The DDO owes its existence almost entirely to the efforts of one man, Clarence Chant. Chant had not shown an early interest in astronomy, but while attending University College, University of Toronto he became interested in math and physics, eventually joining the University as a lecturer in physics in 1892. Over the next several years he worked as a school teacher and civil servant. During a later leave of absence he earned his PhD from Harvard University and did postdoctoral work in Germany.
Chant joined the Astronomical and Physical Society of Toronto in December 1892; it was eventually renamed the Royal Astronomical Society of Canada in 1902. Chant became president of the Society, serving between 1904 and 1907. Throughout the 1890s, Chant was concerned about how little the University did for astronomy, and in 1904 he proposed adding several undergraduate courses for fourth-year students, and six such courses were added to the 1905 calendar.
With courses now officially on the books, Chant started looking for a real telescope. Previously the University had hosted the Toronto Magnetic and Meteorological Observatory, which had been run by the Meteorological Office of the Ministry of Marine and Fisheries. The Observatory had contained the high-quality Cooke Refractor, but the Observatory was now surrounded by new University buildings, rendering it useless for astronomy. The Meteorological Office had already decided to abandon the site and turn the building over to the University, but they were taking the telescope with them to their new location on Bloor Street. Even if the University had been able to secure time on the instrument, which was highly likely, it was at this time quite a small instrument in comparison to those being built around the world.
The same problem of encroachment that had led to the Observatory falling into disuse led Chant to conclude that there was no suitable location on the University grounds for a new observatory, and he started looking for off-campus sites. While looking, he started getting quotes for a new instrument from Warner & Swasey in Cleveland, Ohio, who had provided the mount for the recently opened Dominion Observatory in Ottawa. In 1910 Chant finally found the perfect location, a ten-acre plot of land located near what is today Bathurst Street and St. Clair Avenue. The land had originally been set aside by the city for the Isolation Hospital, but this was never constructed and it now lay empty.

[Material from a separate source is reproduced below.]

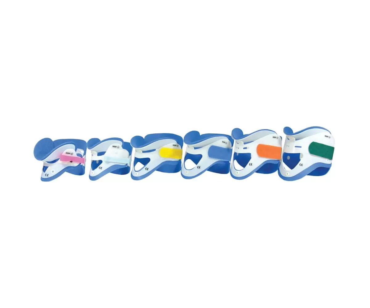 First aid collar one piece size MediumOne piece plyethylene cervical collars. Washable internal part, fixed by plastic rivets. With a central tracheal hole. Velcro band secure a quick and adjustable fixing.

Chant convinced the City to become involved in the Royal Astronomical Observatory, but the start of World War I put the project on hold, and in 1919 it was cancelled outright.
Chant then turned to the local business community in hopes of finding funding. Similar collaborations had been very successful in the United States, but Chant found an entirely different reception in Canada and nothing seemed forthcoming. His fortunes changed in 1921 when Chant delivered a public lecture on Comet 7P/Pons-Winnecke, which had recently been visible in Canada. One of the attendees was local businessman David Dunlap, who was bitten by the astronomy bug as a result of the lecture, and expressed an interest in Chant's efforts to build a large observatory. Before making any firm financial commitment, however, Dunlap died in October 1924 at age sixty-one. Chant approached his widow, Jessie Dunlap, in late 1926 with the idea of erecting an observatory as a monument to her husband. Mrs. Dunlap promised to "keep it in [her] heart for consideration, for it appeals to me tremendously."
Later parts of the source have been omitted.